If menopausal women with glucocorticoid induced osteoporosis were daily received with parathyroid hormone for 1 year, BMD was improved on vertebrae compared to that of the control group.[11] In addition, when the group with daily administration of 10 mg alendronate and the group with 20 µg of parathyroid hormone treatment per day were compared, significant increment of BMD along with less fractures were found in the group with parathyroid hormone at 6th and 12th month.[12]
In this case, repetitive fractures were observed in the middle and even after the hospitalization for the adrenal adenoma excision; it was difficult to wait the natural increases in bone mass due to such high fracture risk. Thus, parathyroid hormone has been administrated for 6 months and discontinued for further monitoring.
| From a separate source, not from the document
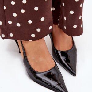 Lakierowane czółenka damskie ze szpiczastymi noskami i odkrytymi piętami to elegancka propozycja, która łączy klasykę z nowoczesnym akcentem. Szpiczaste noski wydłużają nogi, nadając sylwetce smukłości. Odkryte pięty wprowadzają lekkość, czyniąc te czółenka idealnym wyborem na wieczorne wyjścia i specjalne okazje.

Although the BMD was measured after 5 months from the time point when the drug was withdrawn, due to patient's circumstances, better and higher BMD were observed compared to the natural recovery as previously reported in other studies.
CONCLUSION
Repetitive pathologic fractures in young female are very rare and the possibility of secondary osteoporosis should be considered in such cases. The patient visited the hospital owing to the repetitive fractures and was examined for endocrine function tests and was diagnosed as Cushing's syndrome via adrenal adenoma. Later, there were repetitive fractures after adrenal adenoma were removed so that parathyroid hormone treatment was given. Since then, increased BMD was observed and the patient is being monitored without additional fractures.